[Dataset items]
· · · · · · ·
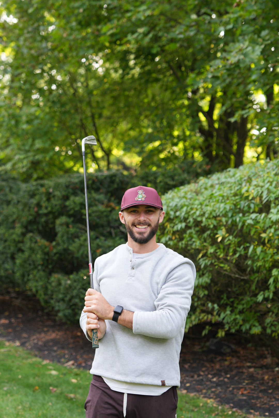 Divots Teddy Bear Branded Bills Performance Hat (Maroon w/ Black Rope)
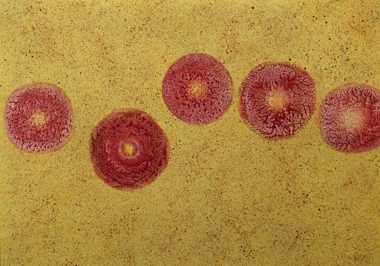 Dit schilderij hoort naast ritme 1. De cirkels hebben structuur. Het schilderij is 50 x 70 cm, samen 50 x 140 cm. Ze worden samen voor € 400 verkocht. De cirkels hebben structuur. De achtergrond van het schilderij is wat citroengeler van kleur. Er zitten blauwgroene spikkels in de achtergrond wat niet goed zichtbaar is.
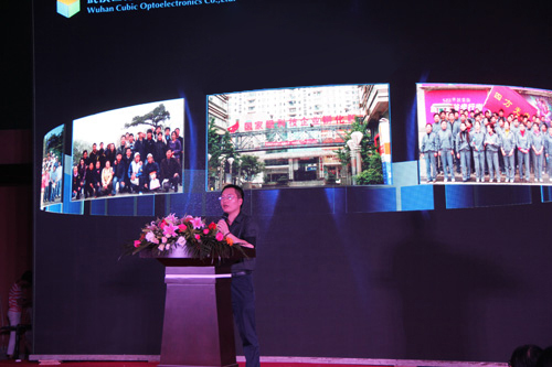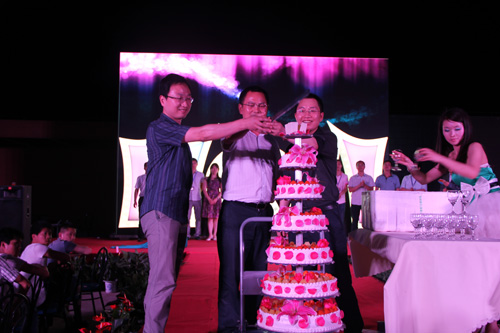晚上19:30,晚會(huì)正式開始,公司總經(jīng)理熊友輝先生、股東代表劉志強(qiáng)先生、員工代表鄔麗婭女士分別上臺(tái)致辭,回顧了公司創(chuàng)立十年來的點(diǎn)滴體會(huì)和感悟,真摯的話語(yǔ)表達(dá)了對(duì)公司的祝福與感恩之情,引起臺(tái)下全體員工的共鳴。隨后晚會(huì)共頒發(fā)了一個(gè)團(tuán)隊(duì)獎(jiǎng)和6個(gè)個(gè)人獎(jiǎng),分別是四方大雁團(tuán)隊(duì)獎(jiǎng)、四方守護(hù)者獎(jiǎng)、四方老黃牛獎(jiǎng)、四方愛因斯坦獎(jiǎng)、四方金算盤獎(jiǎng)、四方小蜜蜂獎(jiǎng)及四方伯樂獎(jiǎng),以表彰在公司發(fā)展過程中做出突出貢獻(xiàn)或優(yōu)異表現(xiàn)的團(tuán)隊(duì)和個(gè)人。接下來的T臺(tái)產(chǎn)品秀更是別樹一幟,由公司內(nèi)部挑選的六位男女模特手持公司產(chǎn)品展板,伴著時(shí)尚動(dòng)感的背景音樂走上T臺(tái),贏得在場(chǎng)觀眾不斷叫好,拿著相機(jī)拍個(gè)不停,在展示公司產(chǎn)品的同時(shí)也展示出四方光電員工的多才多藝。在最后伴隨著生日歌的慶生儀式上,公司領(lǐng)導(dǎo)帶領(lǐng)全體員工一起舉杯,共同祝福四方光電生日快樂。豐富多樣的美味自助餐、超大炫麗的LED屏、獨(dú)特的露天T臺(tái)、夢(mèng)幻設(shè)計(jì)的燈光,使得現(xiàn)場(chǎng)沉浸在一片歡樂祥和、浪漫溫馨的氛圍中。
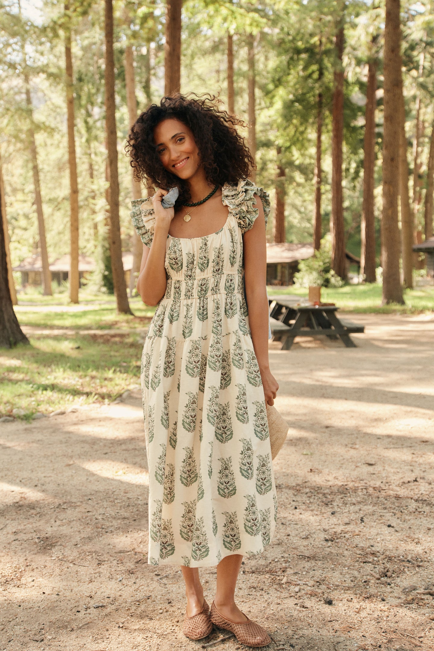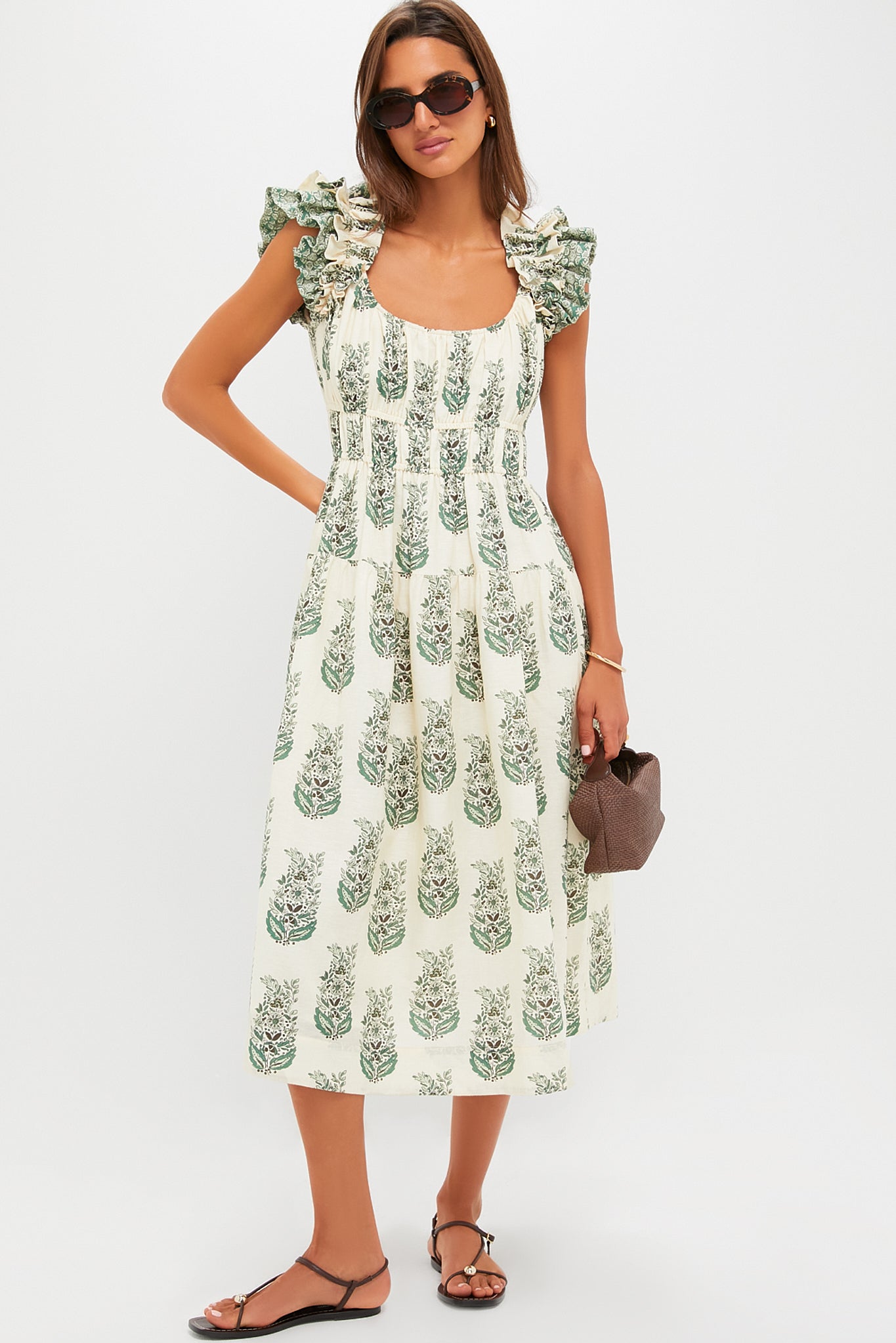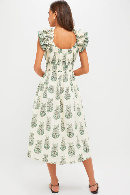The Liana Dress brings playful charm with its ruffled sleeves, smocked bodice, and breezy silhouette. The soft green floral print feels fresh and timeless, perfect for picnics, brunches, or getaway weekends. Pair it with sandals and sunglasses for day, then switch to espadrilles and a bold earring for dinner.
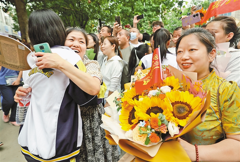 ?图为6月9日,在河北省石家庄市第一中学考点,考生家人与考生相拥。
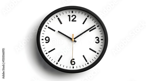 Simple and Elegant Wall Clock with Black Frame and White Face Displaying Standard Time for Minimalist Home Decor or Office Settings
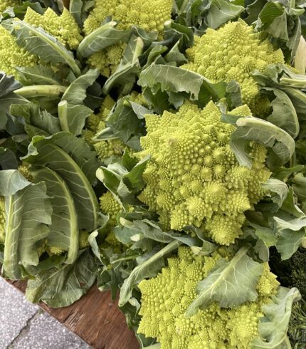 $5.50From: Underwood Family Farms Qty: 1 head Romanesco cauliflower is a type of cauliflower that is characterized by its unique, spiral-patterned head and its delicate, nutty flavor. It is a popular ingredient in Italian cuisine, where it is often roasted or steamed and served as a side dish. Romanesco cauliflower has
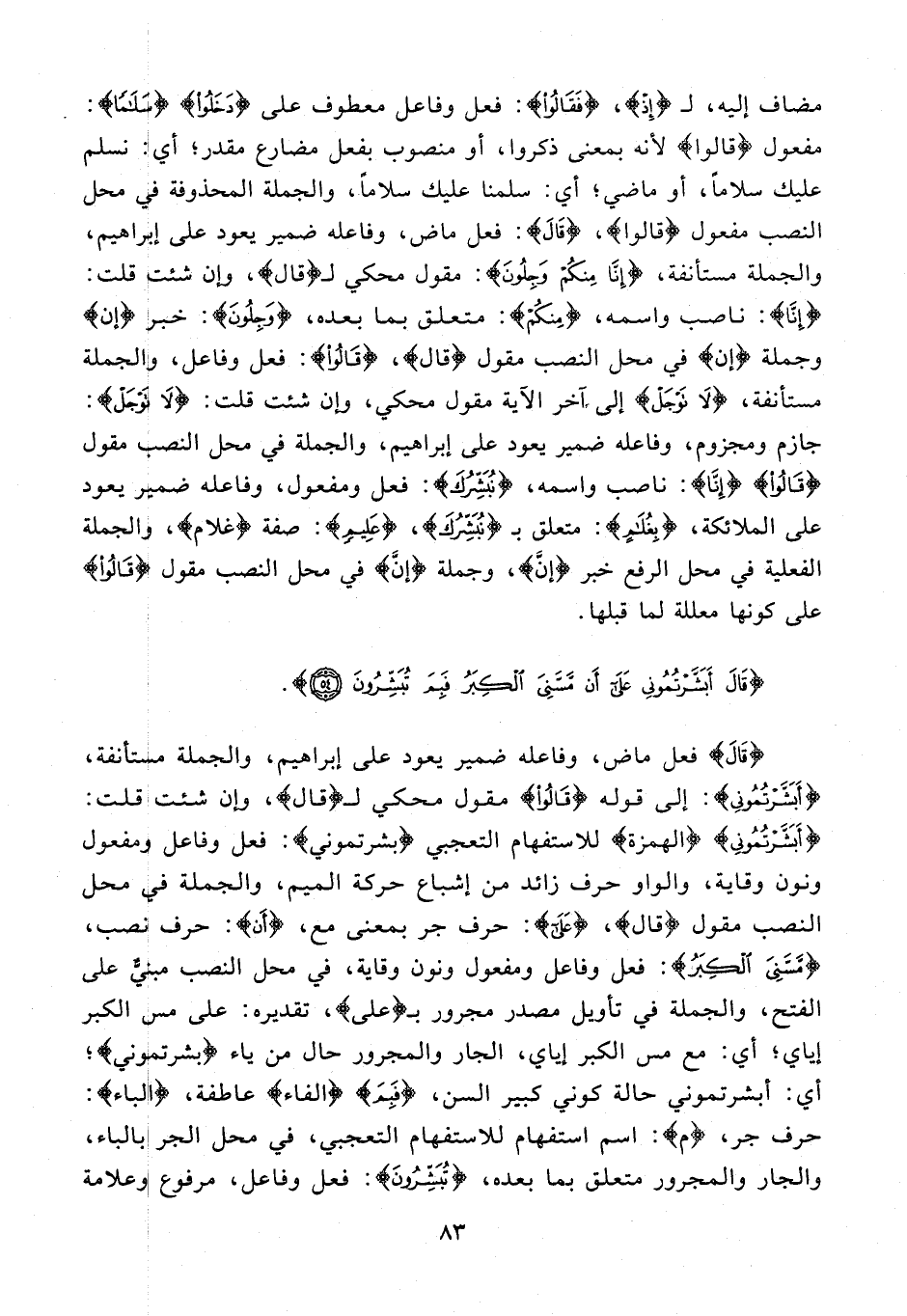 مضاف إليه، لـ {إِذْ}، {فَقَالُوا}: فعل وفاعل معطوف على {دَخَلُوا} {سَلَامًا}: مفعول {قالوا} لأنه بمعنى ذكروا، أو منصوب بفعل مضارع مقدر؛ أي: نسلم عليك سلامًا، أو ماضي؛ أي: سلمنا عليك سلامًا، والجملة المحذوفة في محل النصب مفعول {قالوا}، {قَالَ}: فعل ماض، وفاعله ضمير يعود على إبراهيم، والجملة مستأنفة، {إِنَّا مِنْكُمْ وَجِلُونَ}: مقول محكي لـ {قَالَ}، وإن شئت قلت: {إِنَّا}: ناصب واسمه، {مِنْكُمْ}: متعلق بما بعده، {وَجِلُونَ}: خبر {إن} وجملة {إن} في محل النصب مقول {قال}، {قَالُوا}: فعل وفاعل، والجملة مستأنفة، {لَا تَوْجَلْ} إلى آخر الآية مقول محكي، وإن شئت قلت: {لَا تَوْجَلْ}: جازم ومجزوم، وفاعله ضمير يعود على إبراهيم، والجملة في محل النصب مقول {قَالُوا} {إِنَّا}: ناصب واسمه، {نُبَشِّرُكَ}: فعل ومفعول، وفاعله ضمير يعود على الملائكة، {بِغُلَامٍ}: متعلق بـ {نُبَشِّرُكَ}، {عَلِيمٍ}: صفة {غلام}، والجملة الفعلية في محل الرفع خبر {إنَّ}، وجملة {إنَّ} في محل النصب مقول {قَالُوا} على كونها معللة لما قبلها.
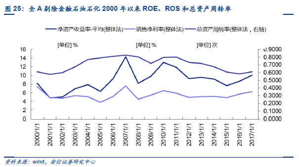 就中短期来看,未来很有可能出现总资产周转率和ROS共同下滑的局面。销售收入将成为双刃剑,即在其他条件都不变的情况下,提高销售收入在拉低销售净利率的同时也会抬升总资产周转率,两者对于 ROE 的作用相反,对冲后将使得 ROE 最终变动存在一定的变数,例如在 2001-2002 年、2004-2005 年、2010-2011 年期间销售净利率和总资产周转率的走势出现此消彼长的局面。其中,在2001-2002 年、2004-2005 年期间 ROE的上涨主要来自于总资产周转率的支撑。同时,2005-2007年、2009-2010年、2015-2017年则出现ROS和总资产周转率同时上涨共同推动ROE提升,期间ROS的作用会相对更大一些。结合历史宏观经济形势观察,在经济形势向好的阶段(繁荣和复苏)时期,ROS和总资产周转率才有可能同时提升。而在ROE的下滑周期,通常总资产周转率和ROS会出现共同下滑的局面,例如2013-2014年、2008-2009年、2000-2001年。
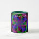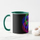 Modern 3D circular inspired geometric coffee mug with green handle. Unique features include a colorful double loop mesh styled center design, additional mug color options and text customization.
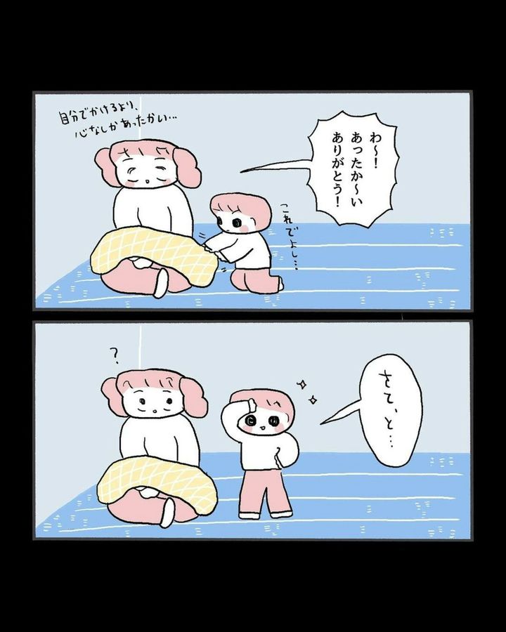 伊藤ぽんぽこ(@ito_ponpoko)さんの4歳の息子の行動に、ママはキュンとしてしまいました。ある寒い朝、伊藤ぽんぽこさんが暖房をつけようと言うと、と毛布を持ってきてくれた息子。これだけでも感動していたのに、息子はまるでドラマに出てくるようなセリフと行動でママを沼らせてしまいました。
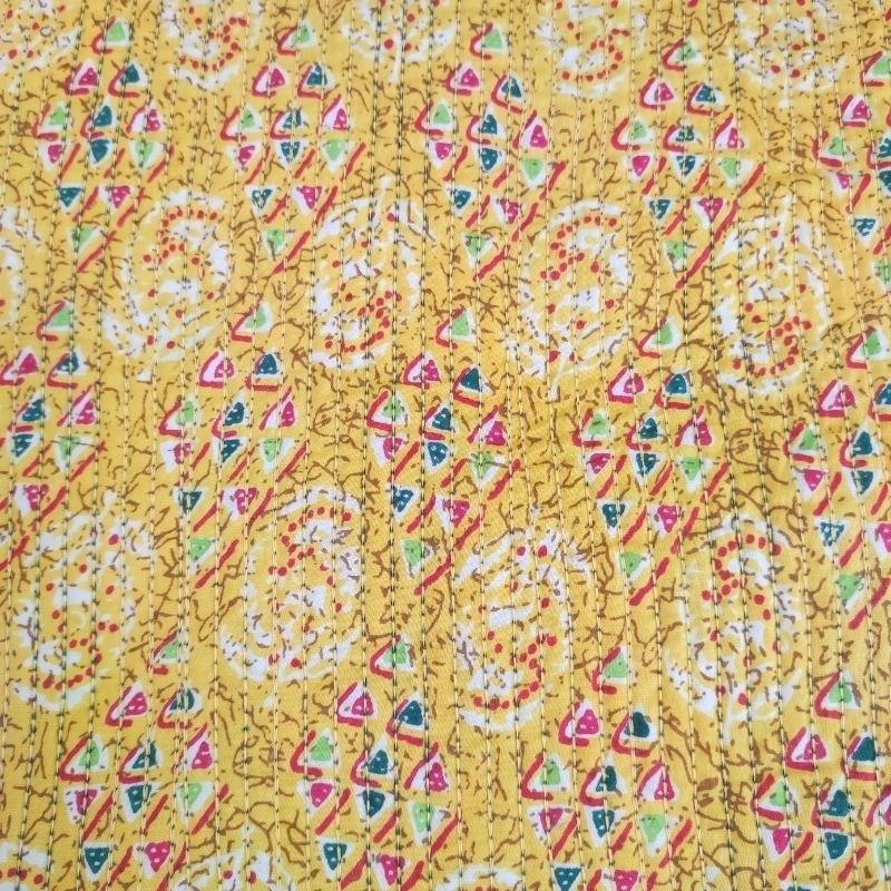 Découvrez ce tissu blockprint matelassé 100% coton double face, orné d'un magnifique motif végétal et floral vert et jaune. Les motifs sont imprimés à la main avec des tampons.Ce matelassé apporte de l'authenticité et de l'élégance à vos projets de couture décoration intérieure, ou créations vestimentaires...
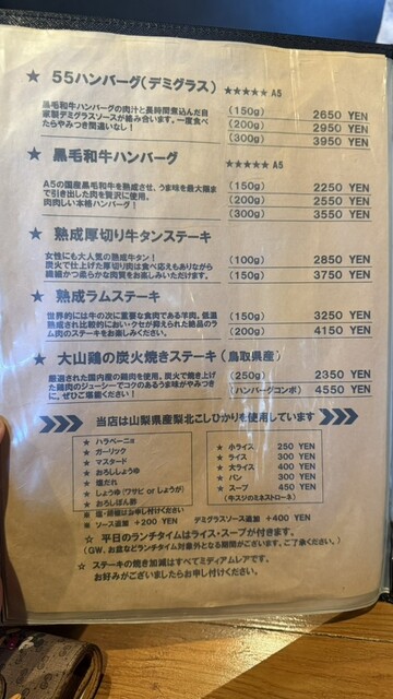 落ち着いた雰囲気の中で、本格的なステーキやハンバーグを楽しめる素敵なお店。観光の合間の食事にもぴったりで、河口湖に来たらまた訪れたいと思える一軒です。
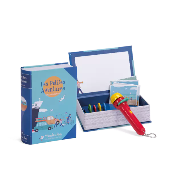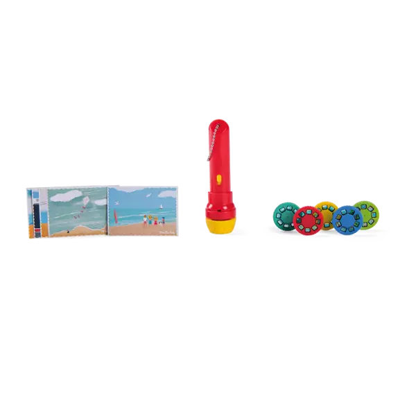 Piletta in plastica con dischetti intercambiabili con le favole da raccontare per accompagnare la nanna del bimbo. 5 storie da raccontare con fantasia in 8 immagini da scorrere. Il bambino sarà catturato dalle immagini e dalla voce del genitore che accanto a lui racconterà una favola magica. Le storie si possono proiettare a parete grazie alla piletta con fuoco regolabile o nello schermo contenuto all'interno del libro/scatola. Batterie a pastiglia incluse. Nella scatola 5 piccole cartoline illustrate. Storie di piccole avventure,viaggi in auto o in bicicletta, al mare o in montagna, passando per paesi in festa. DIMENSIONE SCATOLA: 17x12xh5cm
· · · · · · ·
Task to complete> A faithful, word-for-word copy of the records above, pictures left out, is the answer.

Solution to the exercise>
 Divots Teddy Bear Branded Bills Performance Hat (Maroon w/ Black Rope)
 Dit schilderij hoort naast ritme 1. De cirkels hebben structuur. Het schilderij is 50 x 70 cm, samen 50 x 140 cm. Ze worden samen voor € 400 verkocht. De cirkels hebben structuur. De achtergrond van het schilderij is wat citroengeler van kleur. Er zitten blauwgroene spikkels in de achtergrond wat niet goed zichtbaar is.
晚上19:30,晚會(huì)正式開始,公司總經(jīng)理熊友輝先生、股東代表劉志強(qiáng)先生、員工代表鄔麗婭女士分別上臺(tái)致辭,回顧了公司創(chuàng)立十年來的點(diǎn)滴體會(huì)和感悟,真摯的話語(yǔ)表達(dá)了對(duì)公司的祝福與感恩之情,引起臺(tái)下全體員工的共鳴。隨后晚會(huì)共頒發(fā)了一個(gè)團(tuán)隊(duì)獎(jiǎng)和6個(gè)個(gè)人獎(jiǎng),分別是四方大雁團(tuán)隊(duì)獎(jiǎng)、四方守護(hù)者獎(jiǎng)、四方老黃牛獎(jiǎng)、四方愛因斯坦獎(jiǎng)、四方金算盤獎(jiǎng)、四方小蜜蜂獎(jiǎng)及四方伯樂獎(jiǎng),以表彰在公司發(fā)展過程中做出突出貢獻(xiàn)或優(yōu)異表現(xiàn)的團(tuán)隊(duì)和個(gè)人。接下來的T臺(tái)產(chǎn)品秀更是別樹一幟,由公司內(nèi)部挑選的六位男女模特手持公司產(chǎn)品展板,伴著時(shí)尚動(dòng)感的背景音樂走上T臺(tái),贏得在場(chǎng)觀眾不斷叫好,拿著相機(jī)拍個(gè)不停,在展示公司產(chǎn)品的同時(shí)也展示出四方光電員工的多才多藝。在最后伴隨著生日歌的慶生儀式上,公司領(lǐng)導(dǎo)帶領(lǐng)全體員工一起舉杯,共同祝福四方光電生日快樂。豐富多樣的美味自助餐、超大炫麗的LED屏、獨(dú)特的露天T臺(tái)、夢(mèng)幻設(shè)計(jì)的燈光,使得現(xiàn)場(chǎng)沉浸在一片歡樂祥和、浪漫溫馨的氛圍中。
The Liana Dress brings playful charm with its ruffled sleeves, smocked bodice, and breezy silhouette. The soft green floral print feels fresh and timeless, perfect for picnics, brunches, or getaway weekends. Pair it with sandals and sunglasses for day, then switch to espadrilles and a bold earring for dinner.
 ?图为6月9日,在河北省石家庄市第一中学考点,考生家人与考生相拥。
 Simple and Elegant Wall Clock with Black Frame and White Face Displaying Standard Time for Minimalist Home Decor or Office Settings
 $5.50From: Underwood Family Farms Qty: 1 head Romanesco cauliflower is a type of cauliflower that is characterized by its unique, spiral-patterned head and its delicate, nutty flavor. It is a popular ingredient in Italian cuisine, where it is often roasted or steamed and served as a side dish. Romanesco cauliflower has
 مضاف إليه، لـ {إِذْ}، {فَقَالُوا}: فعل وفاعل معطوف على {دَخَلُوا} {سَلَامًا}: مفعول {قالوا} لأنه بمعنى ذكروا، أو منصوب بفعل مضارع مقدر؛ أي: نسلم عليك سلامًا، أو ماضي؛ أي: سلمنا عليك سلامًا، والجملة المحذوفة في محل النصب مفعول {قالوا}، {قَالَ}: فعل ماض، وفاعله ضمير يعود على إبراهيم، والجملة مستأنفة، {إِنَّا مِنْكُمْ وَجِلُونَ}: مقول محكي لـ {قَالَ}، وإن شئت قلت: {إِنَّا}: ناصب واسمه، {مِنْكُمْ}: متعلق بما بعده، {وَجِلُونَ}: خبر {إن} وجملة {إن} في محل النصب مقول {قال}، {قَالُوا}: فعل وفاعل، والجملة مستأنفة، {لَا تَوْجَلْ} إلى آخر الآية مقول محكي، وإن شئت قلت: {لَا تَوْجَلْ}: جازم ومجزوم، وفاعله ضمير يعود على إبراهيم، والجملة في محل النصب مقول {قَالُوا} {إِنَّا}: ناصب واسمه، {نُبَشِّرُكَ}: فعل ومفعول، وفاعله ضمير يعود على الملائكة، {بِغُلَامٍ}: متعلق بـ {نُبَشِّرُكَ}، {عَلِيمٍ}: صفة {غلام}، والجملة الفعلية في محل الرفع خبر {إنَّ}، وجملة {إنَّ} في محل النصب مقول {قَالُوا} على كونها معللة لما قبلها.
 就中短期来看,未来很有可能出现总资产周转率和ROS共同下滑的局面。销售收入将成为双刃剑,即在其他条件都不变的情况下,提高销售收入在拉低销售净利率的同时也会抬升总资产周转率,两者对于 ROE 的作用相反,对冲后将使得 ROE 最终变动存在一定的变数,例如在 2001-2002 年、2004-2005 年、2010-2011 年期间销售净利率和总资产周转率的走势出现此消彼长的局面。其中,在2001-2002 年、2004-2005 年期间 ROE的上涨主要来自于总资产周转率的支撑。同时,2005-2007年、2009-2010年、2015-2017年则出现ROS和总资产周转率同时上涨共同推动ROE提升,期间ROS的作用会相对更大一些。结合历史宏观经济形势观察,在经济形势向好的阶段(繁荣和复苏)时期,ROS和总资产周转率才有可能同时提升。而在ROE的下滑周期,通常总资产周转率和ROS会出现共同下滑的局面,例如2013-2014年、2008-2009年、2000-2001年。
 Modern 3D circular inspired geometric coffee mug with green handle. Unique features include a colorful double loop mesh styled center design, additional mug color options and text customization.
 伊藤ぽんぽこ(@ito_ponpoko)さんの4歳の息子の行動に、ママはキュンとしてしまいました。ある寒い朝、伊藤ぽんぽこさんが暖房をつけようと言うと、と毛布を持ってきてくれた息子。これだけでも感動していたのに、息子はまるでドラマに出てくるようなセリフと行動でママを沼らせてしまいました。
 Découvrez ce tissu blockprint matelassé 100% coton double face, orné d'un magnifique motif végétal et floral vert et jaune. Les motifs sont imprimés à la main avec des tampons.Ce matelassé apporte de l'authenticité et de l'élégance à vos projets de couture décoration intérieure, ou créations vestimentaires...
 落ち着いた雰囲気の中で、本格的なステーキやハンバーグを楽しめる素敵なお店。観光の合間の食事にもぴったりで、河口湖に来たらまた訪れたいと思える一軒です。
 Piletta in plastica con dischetti intercambiabili con le favole da raccontare per accompagnare la nanna del bimbo. 5 storie da raccontare con fantasia in 8 immagini da scorrere. Il bambino sarà catturato dalle immagini e dalla voce del genitore che accanto a lui racconterà una favola magica. Le storie si possono proiettare a parete grazie alla piletta con fuoco regolabile o nello schermo contenuto all'interno del libro/scatola. Batterie a pastiglia incluse. Nella scatola 5 piccole cartoline illustrate. Storie di piccole avventure,viaggi in auto o in bicicletta, al mare o in montagna, passando per paesi in festa. DIMENSIONE SCATOLA: 17x12xh5cm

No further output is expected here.